We have realized that “normal” will not happen anytime soon so, like the Israelites, we made our home in this new place, building houses (carving out offices) and planting gardens (noticing and practising what is life-giving).
Summer has afforded us opportunities for reuniting with family and friends outdoors. Vaccines have made it possible to see those whom we have missed. Congregations have been able to resume worship in modified ways. We are dreaming of a return to what was familiar, even as some of us are feeling quite at home in our new routines, and patterns of living and relating.
As a fourth wave of this pandemic looms, or in some places has already arrived, it raises many questions about what this means for congregational life. While many Canadians have been vaccinated, not all have been or can be due to medical reasons or because of age restrictions. How do we create spaces and opportunities to come together in worship and service that are hospitable and caring for all?
On the Mennonite Church Eastern Canada staff team, we are considering what it could look like for team members to come together in the office again and for us to reopen our doors to the public. We have articulated values to guide our discernment:
- We are under God’s care.
- Given the complexity of the questions before us, we will speak and act with humility.
- We will defer to public health guidelines.
- We will consider “what is the loving thing to do.”
I invite you, in your setting, to think about the values you hold as a community to help you live into the mission to which God has called, and is calling, you.

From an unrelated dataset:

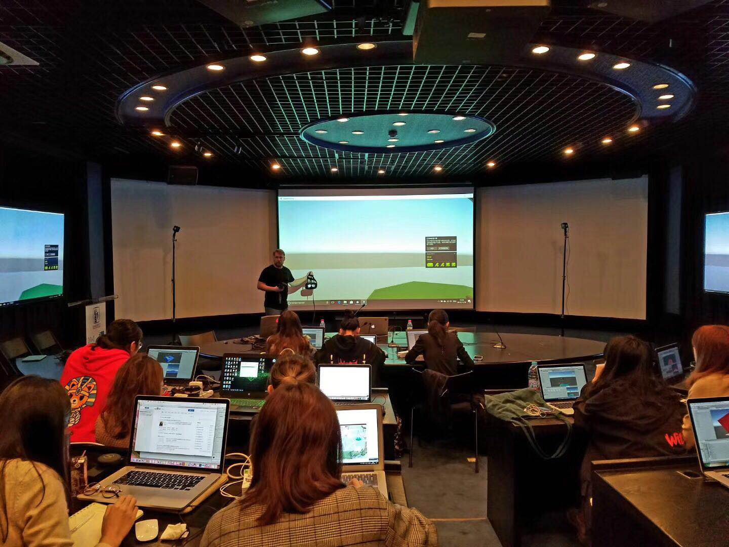 随着虚拟现实技术逐渐进入市场主流,为了推进学生专业技能的提高,我校创意学院于2017年11月15日起在虚拟实验室举办了新媒体演艺创新国际专家工作坊活动——“虚拟现实与交互声音设计”,旨在让学生虚拟现实场景的开发,掌握新媒体发展的主流趋势。

Given the wide variety of ways the novel coronavirus and its variants have moved into our various regions, there is no one-size-fits all approach to what re-opening looks like. Each age group will determine how best to engage in activities, remembering that masks, distancing and hygiene practices are our best protection against this virus. Each of our congregations will have to make decisions based on the latest information from their regional public health authority.
God created and loves each of us; living into that knowledge invites us to imitate God’s love and care to all around us. The questions before us invite a posture of humility that what we know and understand now may change as new information emerges. Given that we, in the community of faith, each come to decisions that differ, as we navigate challenges in the new normal, we can be guided by the question, “What is the loving thing to do?”
Christian faith and life are best lived in an embodied way. We need each other to see beyond our own perspectives so that we can see more completely how God is at work.
God bless our discerning and our returning.
Marilyn Rudy-Froese is MC Eastern Canada’s church leadership minister, working closely with pastors and congregation leaders.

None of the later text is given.